Sábado, 1 de febrero de 2014
Mirian y El Gocho salieron del rancho, seguidos por Yeseni. La muchacha no quitaba del rostro la mueca de tragedia. Y le quedaba mal, pensó la profesora. Ya estaba grande para el teatro.
-Veremos qué podemos hacer. Pero no te hagas ilusiones. Hay pocos recursos y mucha gente con necesidades más urgentes. El Consejo Comunal no se da abasto.
-¿Peor que yo con cuatro niños y este aquí, profe? Mi abuela me ayuda pero ya la vio: una anciana. No creo que haya mucha gente pasando trabajo así.
-Ni te imaginas -la sonrisa incrédula, como si Yeseni acabara de decir algo terriblemente ingenuo-. Pregúntale al Gocho. Las historias que escuchamos. Tú al menos estás joven. Todavía te puedes conseguir un hombre que te mantenga. Está claro que no te cuesta conseguir hombre.
Le señaló la barriga, con una media sonrisa. Le pareció que un rictus de odio asomó en el rostro de la muchacha.
-Quítame ya esa cara, niña. Con esa cara haces lo malo peor. ¿Cuánto te falta ya?
Yeceni se sobaba la barriga. Desde que llegaron se había estado sobando la barriga como para recordarles que estaba preñada.
-Nace a finales de diciembre. Si Dios quiere antes de año nuevo.

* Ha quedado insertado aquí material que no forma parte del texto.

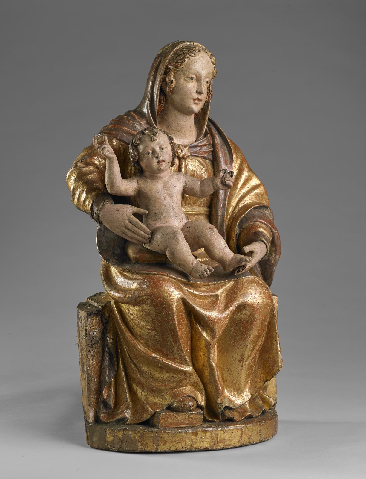 SCULTORE VENETO DEL XV SECOLO Madonna con Bambino in legno policromo e...

-¿Y el papá quién es, si se puede saber?
-No de aquí. De otro barrio. Ahora no está en Caracas porque le salió buen trabajo en Colombia. Me prometió que venía en diciembre al parto.
-En diciembre -reiteró la profesora con la misma sonrisita; miró a El Gocho y vio que él estaba pensando lo mismo que ella. Sonreía también, con sorna. Todavía quedaba gente inocente en Petare. La profesora vio su reloj: basta de pendejadas, se dijo. Ya era casi hora de almuerzo. Tenían que terminar el recorrido.
-En fin -dijo para poner punto final a la visita-. Vamos a ver qué podemos hacer. Pero la cosa no está fácil. Hay pocos recursos y mucha gente con necesidades. Y quizá tu hombre llega en diciembre millonario. Me han dicho que en Colombia las cosas han mejorado.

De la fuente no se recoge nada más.